#### SOURCE MATERIAL:
◆ ◆ ◆ ◆ ◆ ◆ ◆
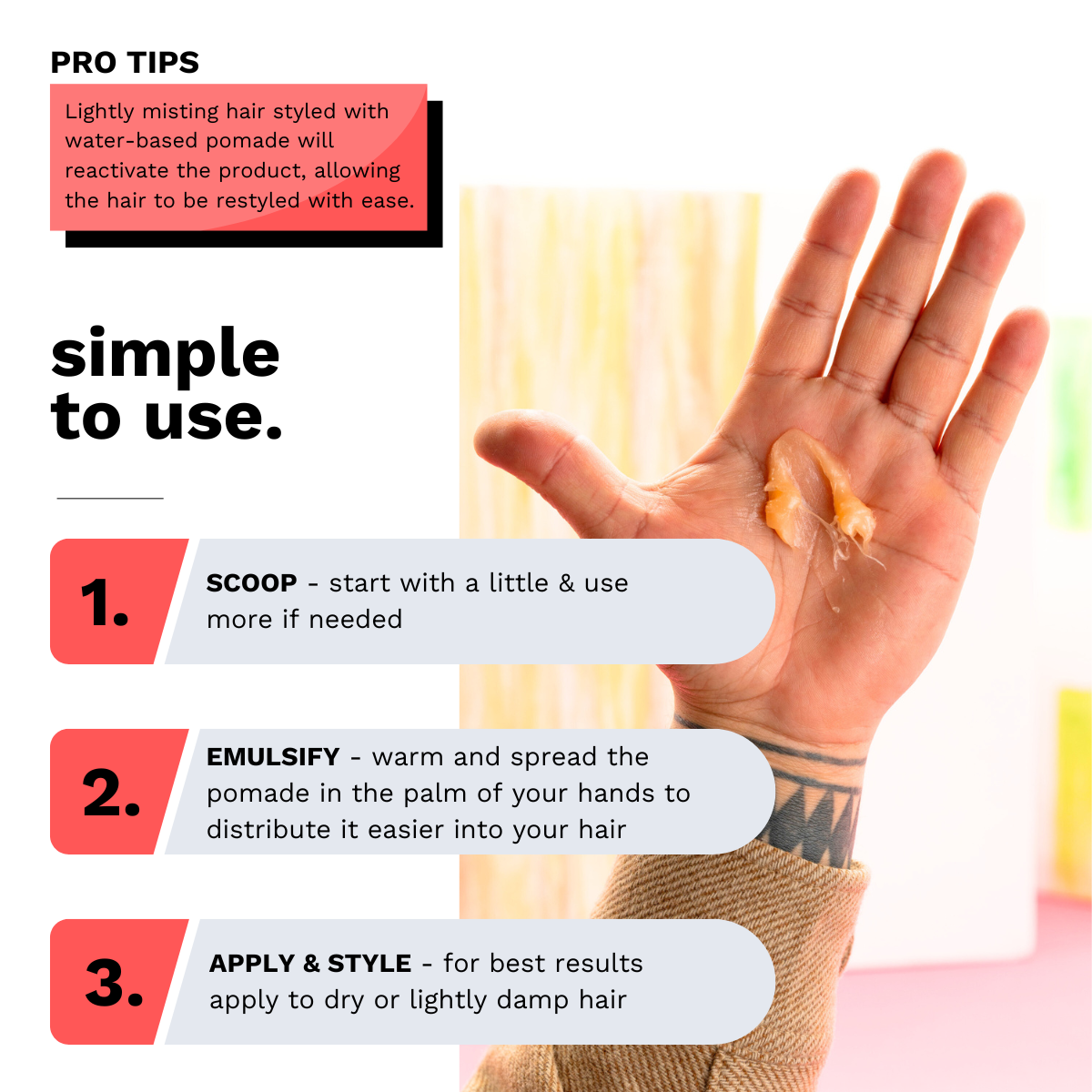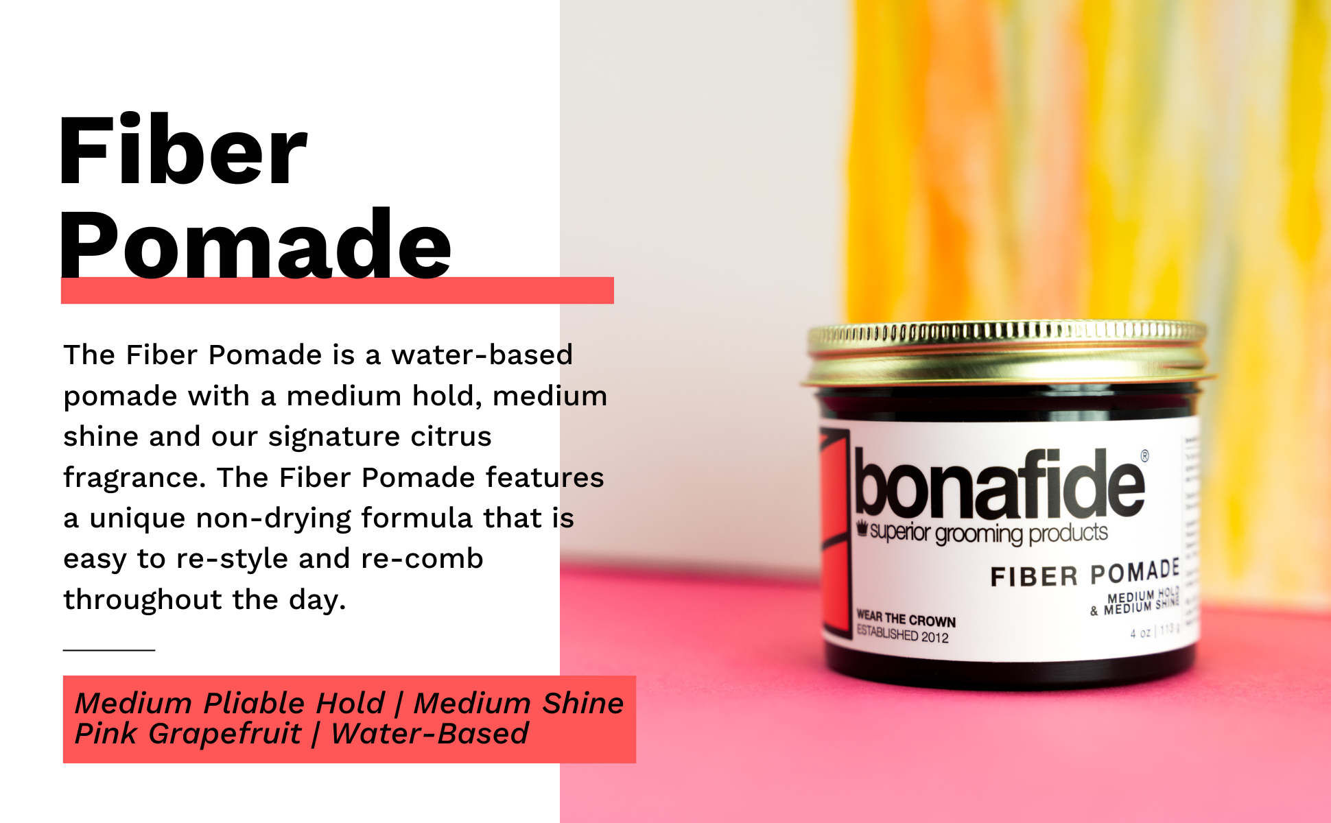 The Fiber Pomade is a water-based pomade with a medium hold, medium shine and our signature citrus fragrance. The Fiber Pomade features a unique non-drying formula that is easy to re-style and re-comb throughout the day.
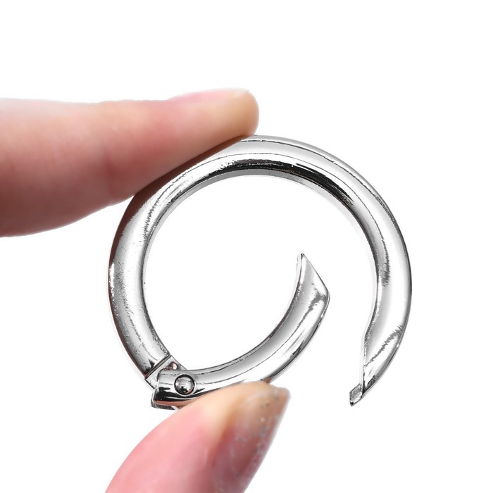 Кольцо-карабин используется для быстрого и удобного крепления различных предметов, таких как ремни, цепочки или подвески. Кольцо-карабин выполнено из прочного металла, что делает его надёжным и долговечным.
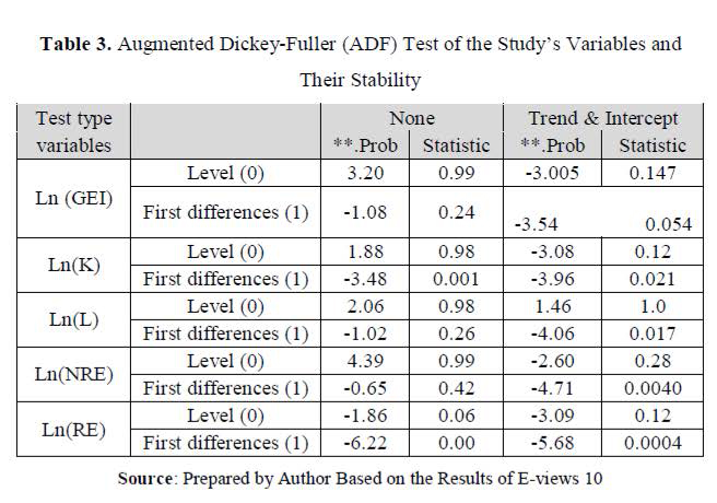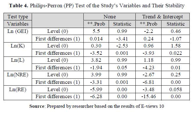 Econometrics assumes that the variables are stable in mean and variance, so the stability of the variables used in measurement must be studied. Where performing regression using the method of least squares "OLS" without ensuring the stability of the variables leads to what is known as Spurious Regression, and the stability of the variables or time series (Brockwell & Davis, 1996) can be confirmed by applying the Augmented Dickey-Fuller (ADF) test and Phillips Perron (PP) test, which are known as unit root tests using fixed limit and time. The two tests differ in that in the first one, the data is assumed to be homogeneous and parametric, while the second test assumes that the data is non-parametric (Jain & Chetty, 2020) and the PP test takes into account errors with heterogeneous variance; Where these tests were applied on each variable separately, we reached the results shown in the table 3 in appendix. From this test, it can be noticed that the time series are all unstable at the level, which means there is a unit root problem (Prop** > 0.05), and these variables became stable after making the first differences, and they became integrated of the first degree (Prop**< 0.05). This is due to the nature of these variables; These variables had many fluctuations during the study period due to the increase in the study period.
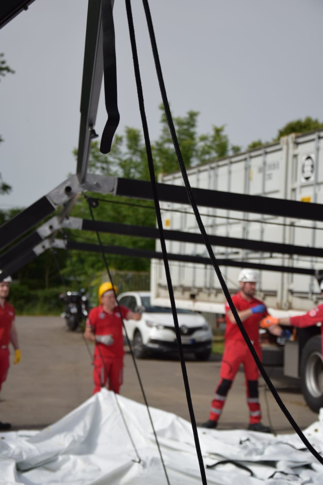 La parte pratica ha visto il montaggio di un nuovo tipo di tenda a tensostruttura che, offrendo migliori condizioni di vivibilità e comfort, oltre che sicurezza, con il tempo andrà a sostituire le tende di tipo pneumatico.
◆ ◆ ◆ ◆ ◆ ◆ ◆
#### INSTRUCTIONS FOR THE TASK:
This exercise asks for an exact copy of the lines from the first one in the data through the line that contains "Кольцо-карабин используется для", pictures excluded.

#### RESPONSE TO THE TASK:
 The Fiber Pomade is a water-based pomade with a medium hold, medium shine and our signature citrus fragrance. The Fiber Pomade features a unique non-drying formula that is easy to re-style and re-comb throughout the day.
 Кольцо-карабин используется для быстрого и удобного крепления различных предметов, таких как ремни, цепочки или подвески. Кольцо-карабин выполнено из прочного металла, что делает его надёжным и долговечным.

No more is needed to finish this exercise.